0x7fff619c37c0: [destructor] deleting 2#0x1043dff80
data contains in "w" after assignments.
deadbeef
finally, "w" is destructed.
0x7fff619c36c0: [destructor] deleting 2#0x1043e0280
I can see no problem there, and compiling this with clang and -faddress-sanitizer, -fcatch-undefined-behaviour doesn't complain either.

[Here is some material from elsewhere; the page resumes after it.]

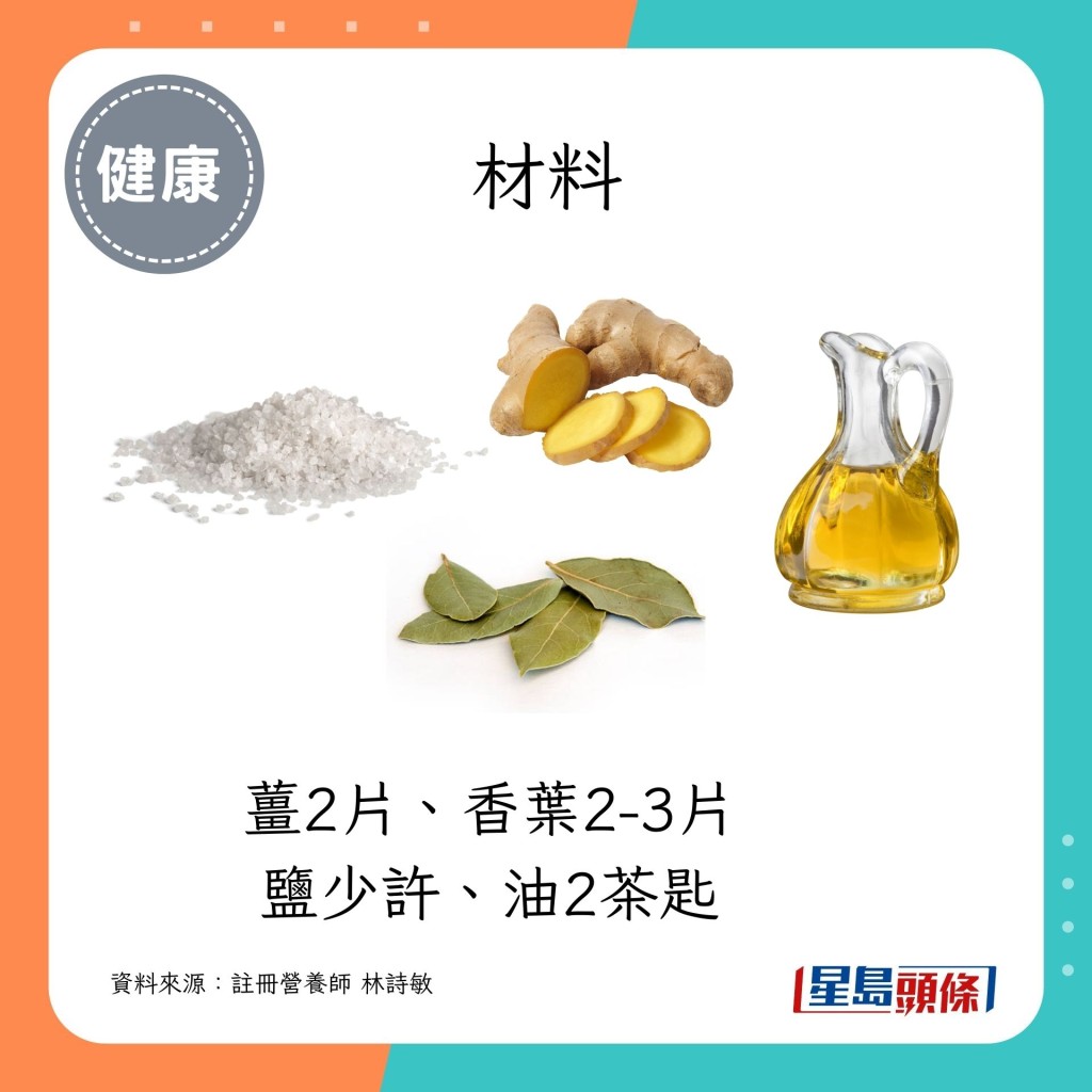 - 番茄2個、薯仔2個、西芹半棵、紅蘿蔔4條、牛腱4両(160g)、薑2片、香葉2至3片、鹽少許、油2茶匙

Note, though, that the second assigment (the left = operator) copies instead of moving. This is because the first (right) assignment operator returns an lvalue-reference.
You don't need so many swaps and assignments in your move constructor. This:
Widget(Widget&& other) :
length( other.length_ ), data( other.data_ )
{
other.length_ = 0;
other.data_ = nullptr;
}
does the minimum work for the move constructor: 4 assignments in total. Your version had 8, counting the ones in the calls to swap().
Your move assignment is OK, but you might want to consider just writing one operator=() to cover both cases:
Widget &operator=( Widget other ) {
delete data_;
data_ = other.data_;
other.data_ = nullptr;
length_ = other.length_;
other.length_ = 0;
return *this;
}
This is slightly less efficient than your version, in that it can move twice.